Everybody Out!

Jarrow MarchAlthough I’ve been a member of a trade union, I can’t recall ever having been on strike. I might be wrong because I have a vague memory that there was talk of a walk out when I was in NALGO in my the dim and distant past, but I don’t remember using poster paint on homemade placards, marching on the streets or sloping off to the pub for an afternoon.

I drifted away from the unions before I was 20 years old, mostly because I’d moved into the private sector where trade unions were simply irrelevant.  I did briefly join the NUJ but that was so I could also get a Press Club membership and they had a decent snooker table and you could get a drink pretty much any time of the day or night.

Strikes in those days were for people who got their hands dirty for a living, or so it seemed. Car workers, dockers, miners, train drivers and the like downed tools, worked to rule or went on a go-slow on pretty regular basis, but if your chief occupational hazard was ink-stained fingers and you were put upon by your employer, you just tutted and carried on pushing your pen.

Maybe we lacked firebrand leadership. Rover had “Red Robbo” in the 1970s, the miners had Arthur Scargill in the 1980s and the printers of Sogat 82 had Brenda Dean when they fought Rupert Murdoch at Wapping.

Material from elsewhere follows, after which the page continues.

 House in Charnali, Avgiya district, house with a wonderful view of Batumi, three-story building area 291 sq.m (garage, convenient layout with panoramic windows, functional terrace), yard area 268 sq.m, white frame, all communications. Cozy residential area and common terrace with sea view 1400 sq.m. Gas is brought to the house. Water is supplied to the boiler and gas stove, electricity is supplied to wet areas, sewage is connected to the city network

I suspect that the nickname of my union general secretary would have been “You’ve Got a Point There Mrs Thatcher”.

Of course, just like political careers, those disputes ultimately ended in failure. The coal mines have gone, apart from those that have been turned into industrial heritage parks, Rupe is taking over the media with the help of his mates in government and the British car industry is now a bloke in a shed whose idea of mass production is one car a month that no-one but Top Gear wants or can afford.

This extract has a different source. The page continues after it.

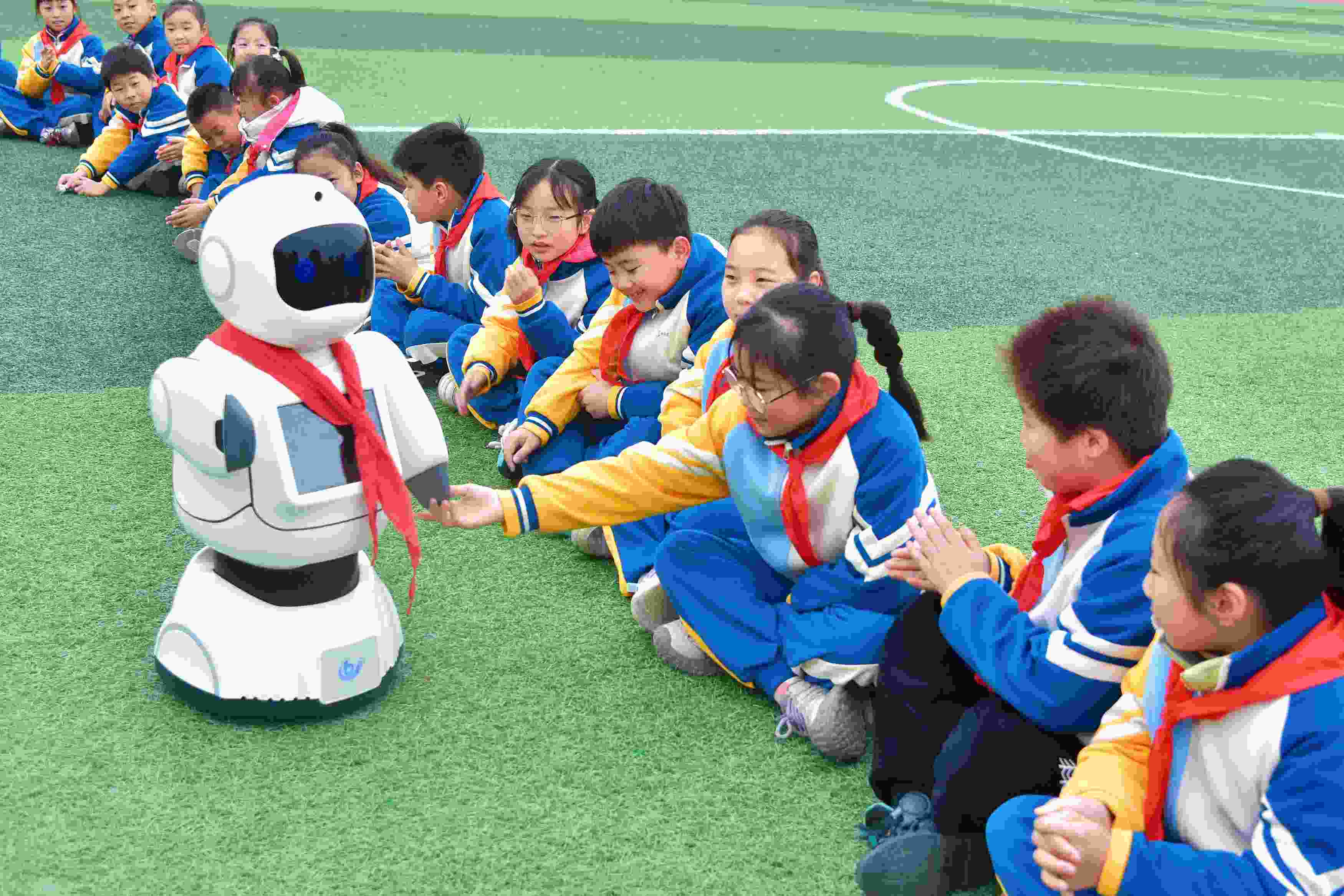 △2025年3月10日,江蘇南通,如皋經(jīng)濟(jì)技術(shù)開發(fā)區(qū)實(shí)驗(yàn)小學(xué)課間,學(xué)生與智能機(jī)器人“賓果”互動。

All of which must sound like I have a pretty jaundiced view of trade union and collective action and it was certainly true when workers and management were at loggerheads over teabreaks. ‘Spanish practices‘ or the odd percentage point of a pay rise. It always struck me that the strikers lost more than they gained from their belligerence.

But I fully support the public sector workers’ action today. There is a fundamental issue at stake here: whether the government, or any organisation for that matter, should be allowed to renege on the contract it makes with its employees.

Private sector workers are complaining loudly that they’ve lost their final salary pensions and that the teachers etc aren’t living in the real world, but the answer isn’t to drag everyone down to the same level. That way the ‘real world’ will be a miserable place for everyone, other than for the bankers and politicians who I’m sure will do very nicely, thank you.